GBP/USD: What doesn’t kill you makes you stronger
Fawad Razaqzada August 5, 2022 12:41 PM
GBP/USD is down only modestly despite so much negative news...
The GBP/USD has been bombarded with a flurry of negative news throughout the week. First it was the Bank of England predicting 5 quarters of negative growth and double-digit inflation reading. Then it was the very strong US employment report, which rekindled fears about further large interest rate hikes from the Federal Reserve. However, from its peak near $1.23 to its low so far of $1.20, the cable has given up around 290 pips at its worst, which is not a lot. At time of writing, it was trading off its lows at 1.2060. Compared this price to the closing print from the previous week at 1.2170, the GBP/USD was just 100 pips worse off on the week – not a lot. What doesn’t kill you makes you stronger. Right?
What a strong US jobs report!
Let’s be honest. No one saw that coming. The US economy created way more jobs than expected with wages rising strongly. At the start of the week, the probability of another 75-basis point hike in September was about 25%, but this shot to about 70% after the jobs report was published. A straight-forward reaction in the markets followed: US dollar and bond yields jumped, gold slumped, and stocks fell, although later managed to rebound. Investors are already looking forward to the release of US CPI data in the week ahead. If after the strong jobs and wages growth we see an inflation print that is above forecasts, then this will cement expectations over a 75-basis point rate hike in September.
Let’s not jump into any conclusions.
First thing to note is that there are 47 days left until the next FOMC meeting. That means, we will have one more jobs report, two more CPI reports and plenty of other important data in between that could dramatically change the outlook by the time of the Fed rate setters’ September 21 meeting.
Secondly, inflation might have already come down more than expected in July. Economists think CPI rose +0.2% m/m, with the y/y reading expected to print +8.7%, down from June’s 9.1% print. There are reasons why inflation will slow. We saw the ISM PMI reports reveal sharp slowdown in prices paid sub-indices. Global supply chain pressures have eased. Shipping costs have fallen. Crude and other commodity prices have dropped. Consumers’ buying power have been squeezed, which should be disinflationary. Elon Musk has said the global economy has gone “past peak inflation,” with his electric car company’s commodity and component costs trending downward. Clearly, it will be some time before these changes filter through the economy and show up in data.
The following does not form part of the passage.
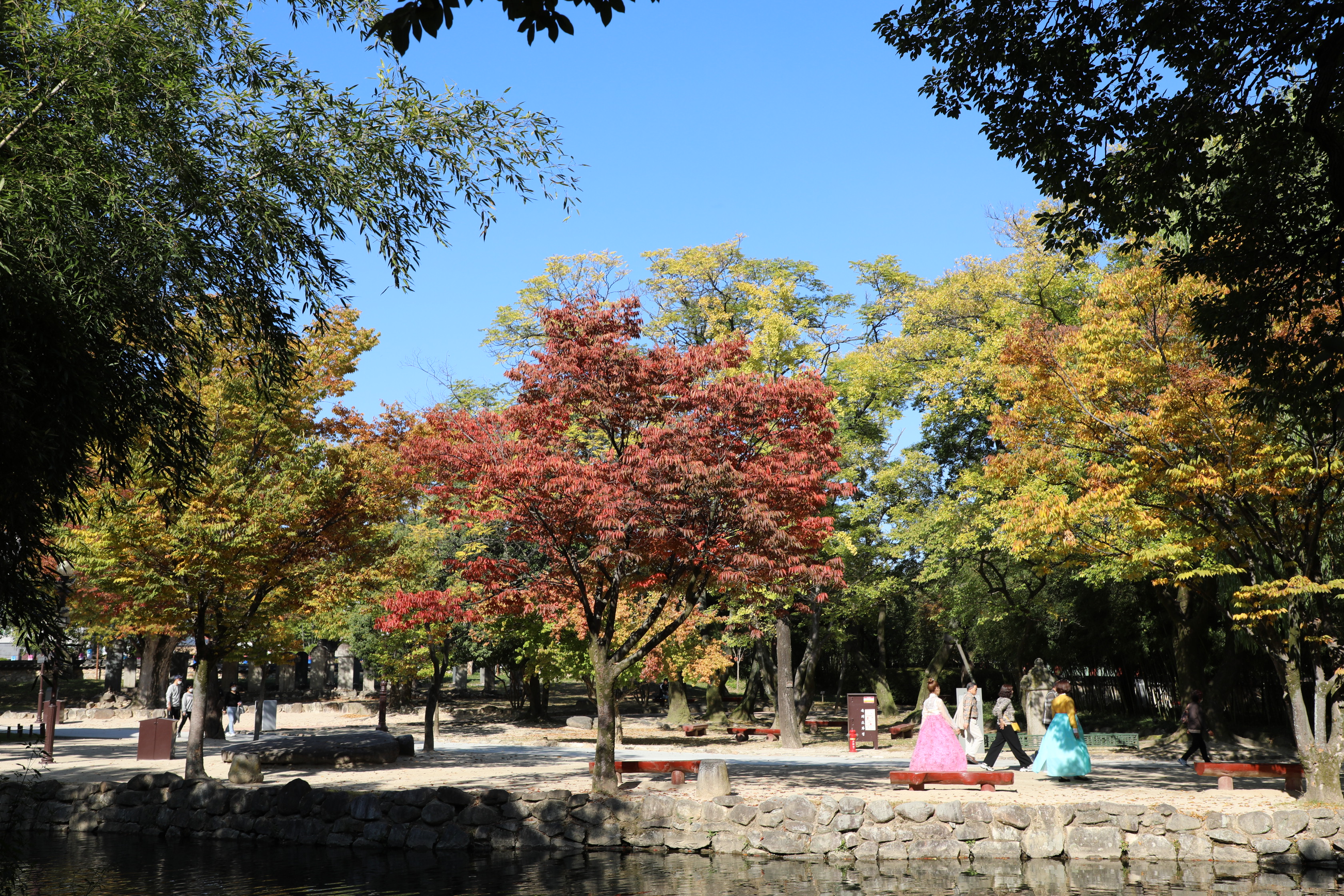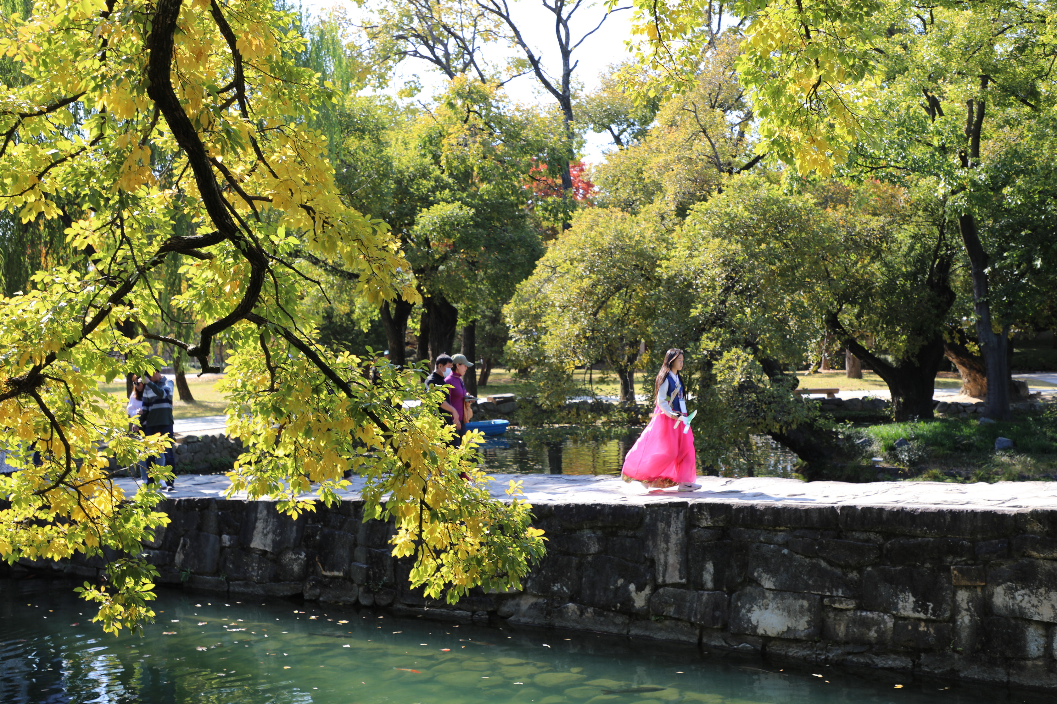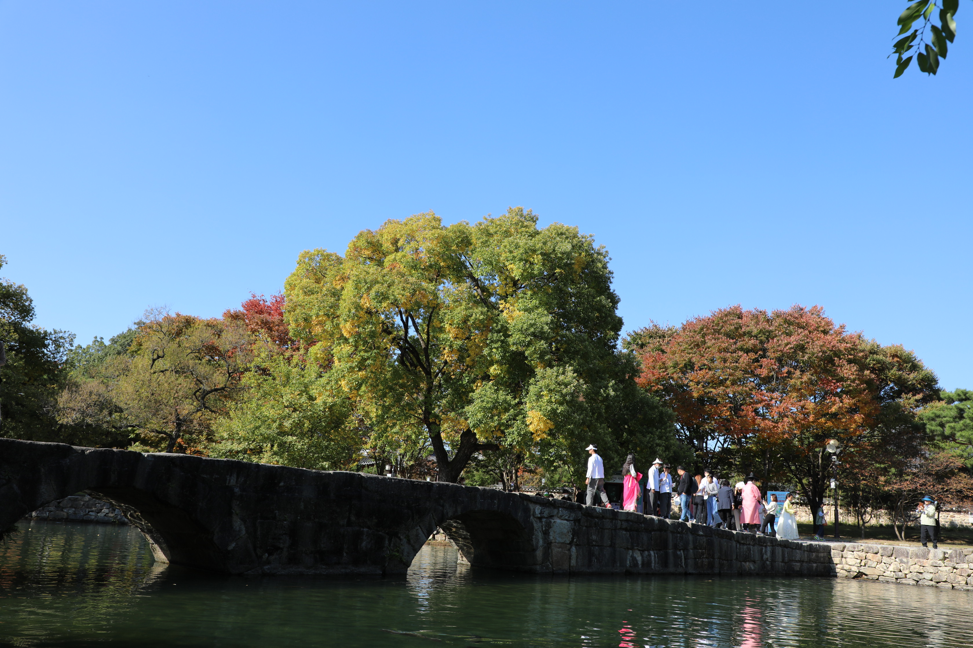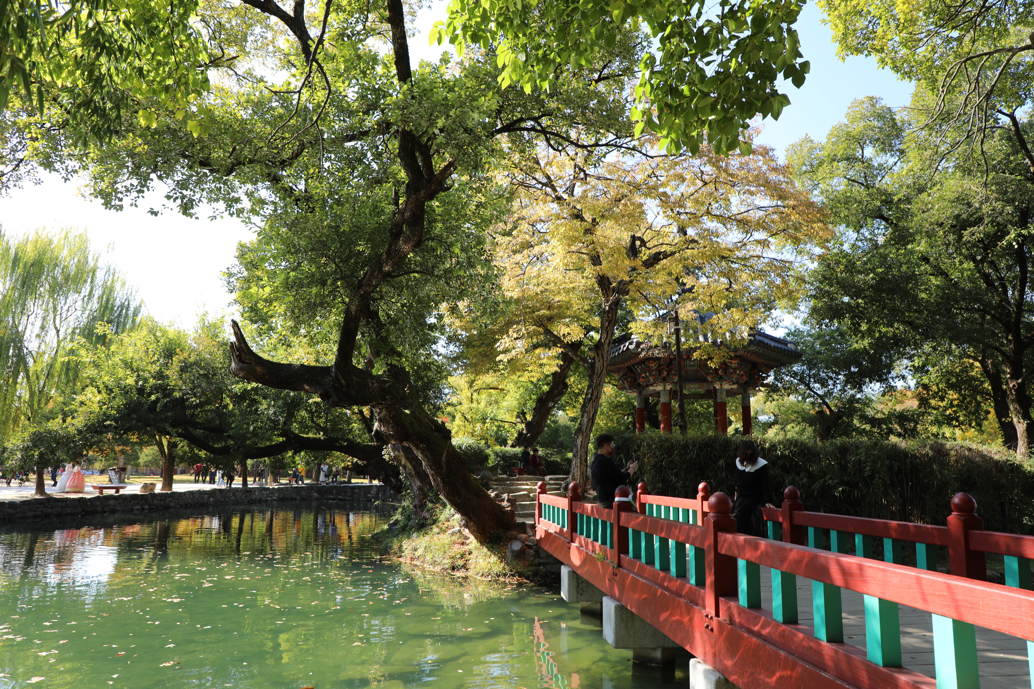 이제 막 단풍이 드는 나뭇잎 건너 오작교를 지나는 여성의 한복이 곱게 느껴진다.

So, it could be that once the dust settles from this strong jobs report, we could see renewed weakness in US dollar and bond yields as forward-markets anticipate a sharper slowdown in the rate hikes, perhaps after the September meeting.
GBP/USD defends 1.20 handle again
As mentioned, the fact that the GBP/USD has managed to hold its own relatively well despite all the negative news mentioned above is remarkable. It may be that the downside risks have been priced in, with the buyers happy to step in around the 1.20 handle again today. While it is possible that it may have already bottomed out, the cable needs to create a higher high to convince me. But I do think the downside is very limited from here as most of the downside risks have been priced in.
US CPI (Friday)
US CPI will undoubtedly be the most important macro release next week on Wednesday. As mentioned, signs that inflation is weakening is growing, with a number of key commodity prices falling. We have also seen the prices paid sub-indices of the ISM manufacturing and services PMIs tumble, suggesting we have hit peak inflation. Let’s see if annual inflation rate will decelerate from the 9.1% recorded in June, which was the highest since November of 1981.
US UoM Consumer Sentiment (Friday)
Thanks to soaring prices of everything from gas to food, consumer sentiment in the US has been dropping rapidly in recent months, mirroring the situation in Europe and the rest of the world. However, the US economy has weathered the inflation storm better than other regions, which is why the dollar has been so strong. But is the momentum changing?
UK GDP (Friday)
UK GDP barely grew in Q1 as output expanded by 0.8% compared to 1.0% expected. With several macro indicators suggesting the economy contracted in the second quarter, the pound fell below $1.20 handle before recovering as USD started to fall back. If GDP shows a positive print for Q2, the pound should react positively.